Surely there is a straightforward way to do this with data.table
? Efficient solutions are particularly welcome given the size of the real data. The datamerge
package apparently used to do exactly this, but it isn't on CRAN anymore and I can't get it to work on R3.2.3 from zip. Has another package stepped up for this task? There are many other threads that focus on solving this for a one or a couple of columns with known names, but for large number of columns, they don't seem practical.
推荐答案
这是一种方法:
com.cols = setdiff(intersect(names(table1), names(table2)), "id")

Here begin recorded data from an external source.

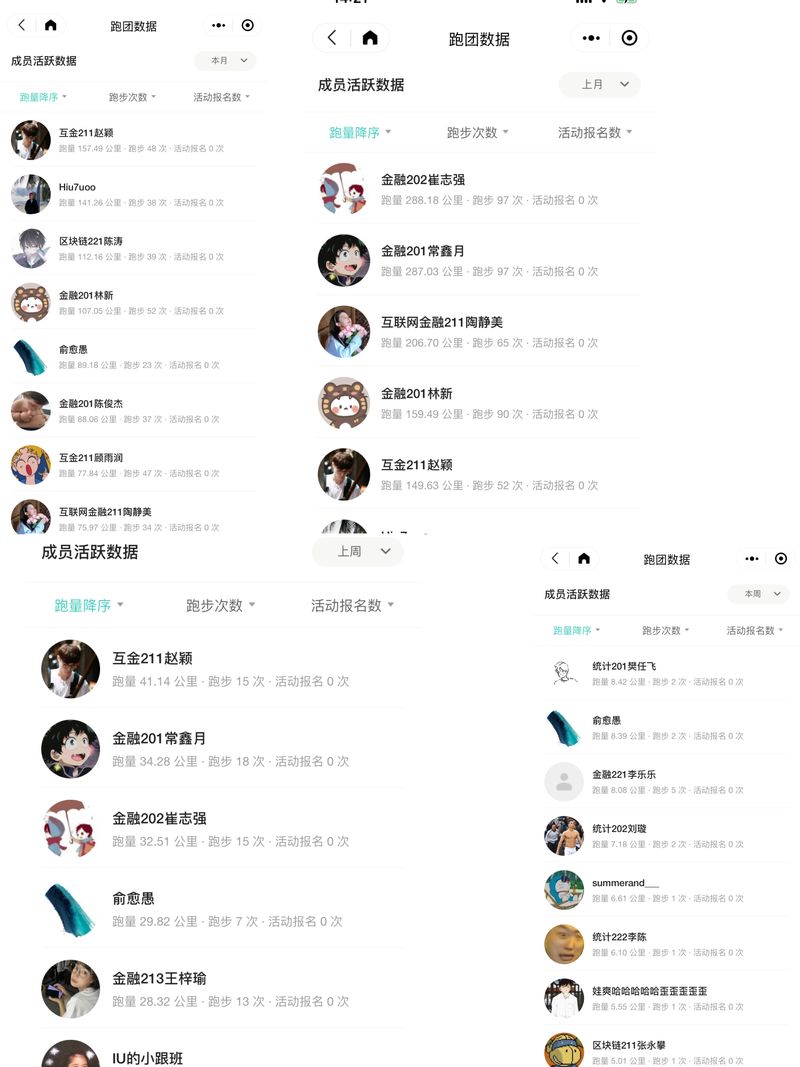 组织系列特色运动活动,激发学生运动兴趣,营造良好运动氛围。学院开展多期“早晨有约”活动,通师生联合早锻炼,开展学生喜爱的篮球、足球、网球、乒乓球、羽毛球、轮滑等体育运动,并在运动后师生共进早餐,畅谈大学生活,引导学生早起、早锻炼,培养运动兴趣,养成良好生活习惯和运动习惯,增强学生体质。开展“数”你“金”彩体能训练示范营,组织部分体育和健身特长学生、退伍学生带队开展体能训练,教授体能训练方法、技能和知识,贴近学生,用学生喜闻乐见的方式激发学生体育锻炼兴趣。每周举办一次“健跑达人”活动,学生使用运动软件“Keep”记录运动情况,根据运动的公里数和天数进行排名;每月评选“速度达人”“坚持小能手”等,培养学生的体育锻炼意识。已经累计开展11期,参与1097人次。加强班级两委建设,充分发挥班级学生骨干最用,以宿舍、班级为单位举办丰富多彩的体育运动活动。
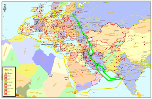 بندر بمبئی- بندرعباس/بندر چابهار- سرخس- تركمنستان- ازبكستان- قزاقستان- روسیه
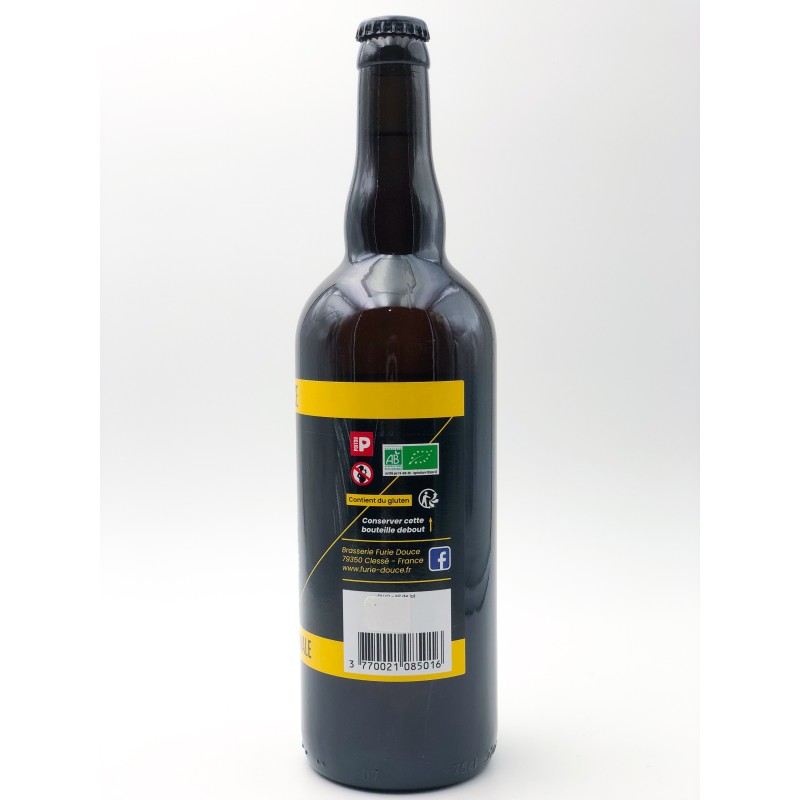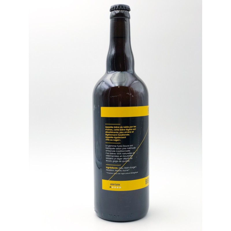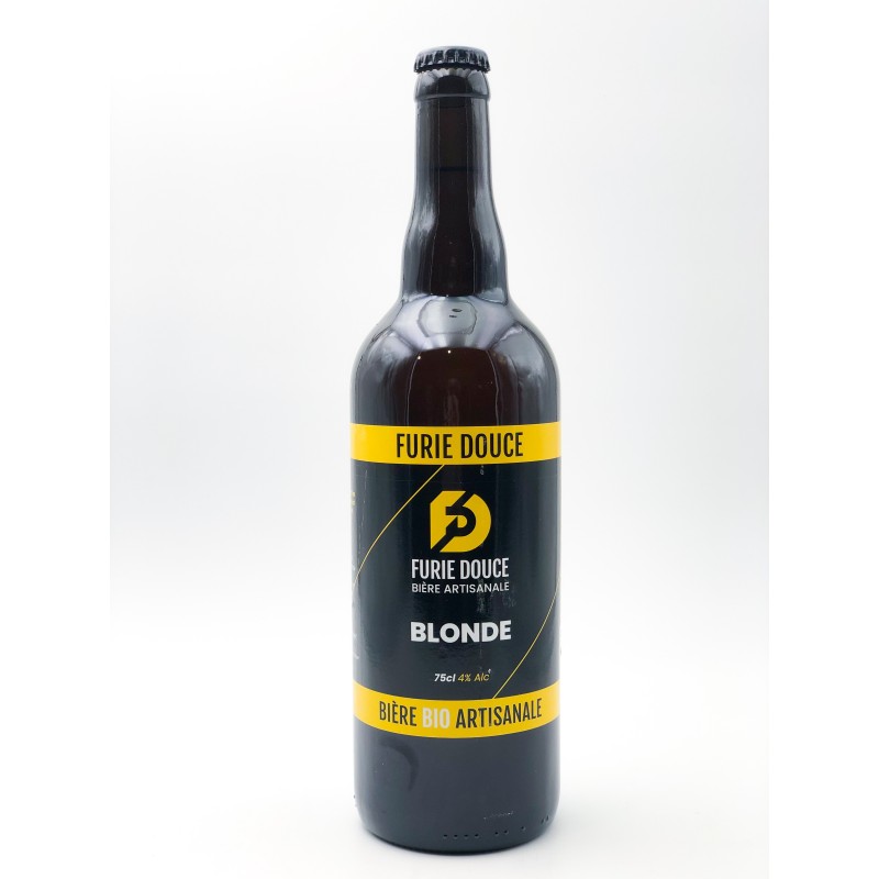 Bouteille de bière Furie Douce Blonde de 75 cl. 4 %. Produit fabriqué en local dans les Deux-Sèvres. Bière artisanale, 100 % naturelle et refermentée en bouteille laisse un léger dépôt de levure, gage de qualité. Appelée bière de table par les moines, cette bière légère est désaltérante, peu amère et légèrement houblonnée. Appelée également "Pils ou Lager".
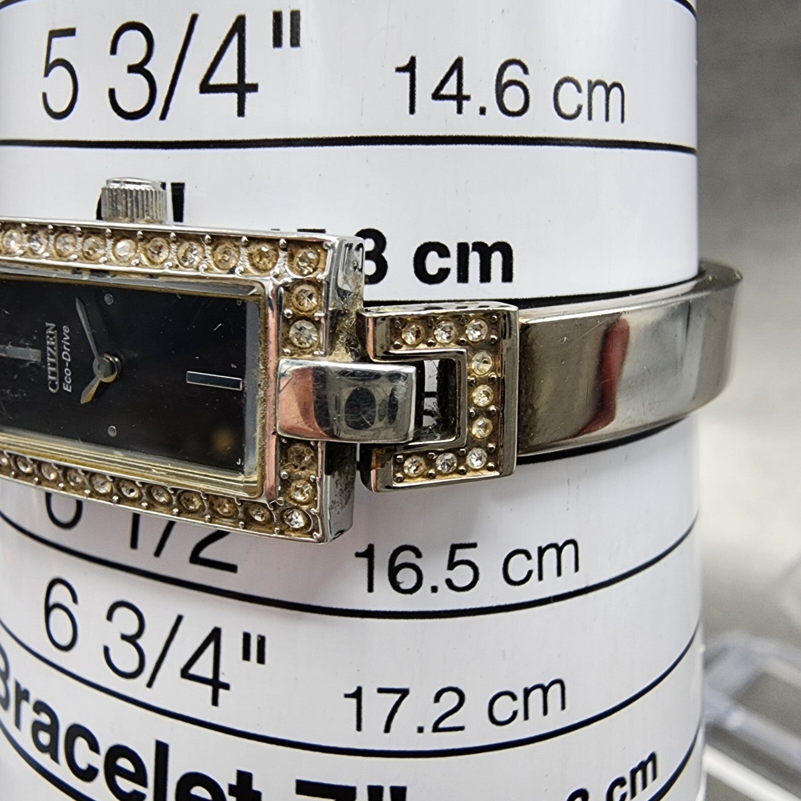 Citizen Eco-Drive Tank Watch Women 14mm Black Dial Steel Rectangle Crystals Runs
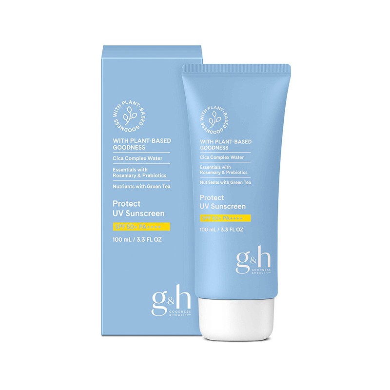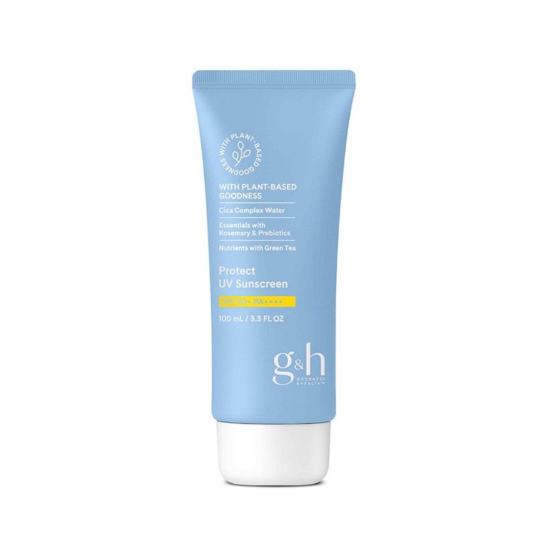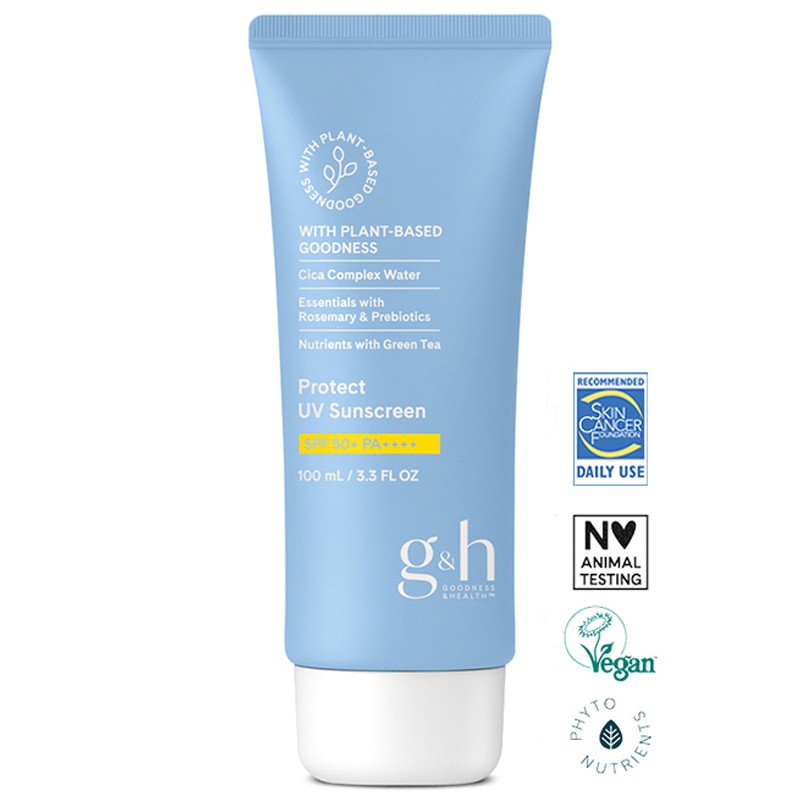 G&H Protect UV Sunscreen SPF50+ kombinerar det bästa av avancerade, vetenskapliga solskyddssammansättningar, Plant-Based Goodness™, antioxidant-ingredienser och prebiotika för att hjälpa till att skydda, återfukta och lugna huden samt vårda dess mikrobiom.

com.cols.x = paste0(com.cols, ".x")
com.cols.y = paste0(com.cols, ".y")
# create combined table
DT = setkey(merge(table1, table2, by="id", all=TRUE), NULL)
# edit common columns where NAs are present
for (j in seq_along(com.cols))
DT[is.na(get(com.cols.x[j])), (com.cols.x[j]) := get(com.cols.y[j])]
# remove unneeded columns
DT[, (com.cols.y) := NULL]
# rename kept columns
setnames(DT, com.cols.x, com.cols)
identical(DT, desired) # TRUE
创建和使用所有这些列名向量非常麻烦.
It's rather messy to create and work with all these column-names vectors.
关于原始问题...
这是另一种方式(如原始文章所述,无需从table2
导入新行):
Here's another way (without importing new rows from table2
, as in the original post):
com.cols = setdiff(intersect(names(table1), names(table2)), "id")
i.com.cols = paste0("i.", com.cols)
new.cols = c(i.com.cols, setdiff(names(table2), c("id", com.cols)))
# grab columns from table2
table1[table2, (new.cols) := mget(new.cols), on="id"]
# edit common columns where NAs are present
for (j in seq_along(com.cols))
table1[is.na(get(com.cols[j])), (com.cols[j]) := get(i.com.cols[j])]
# remove unneeded columns
table1[, (i.com.cols) := NULL]
这样,所有步骤都是对table1
的修改,仅供参考.
This way all steps are modifications of table1
by reference.
这篇关于R:合并+更新具有第二个表的表的有效方法,其中相同列名的值填充NA的文章就介绍到这了,希望我们推荐的答案对大家有所帮助,也希望大家多多支持IT屋!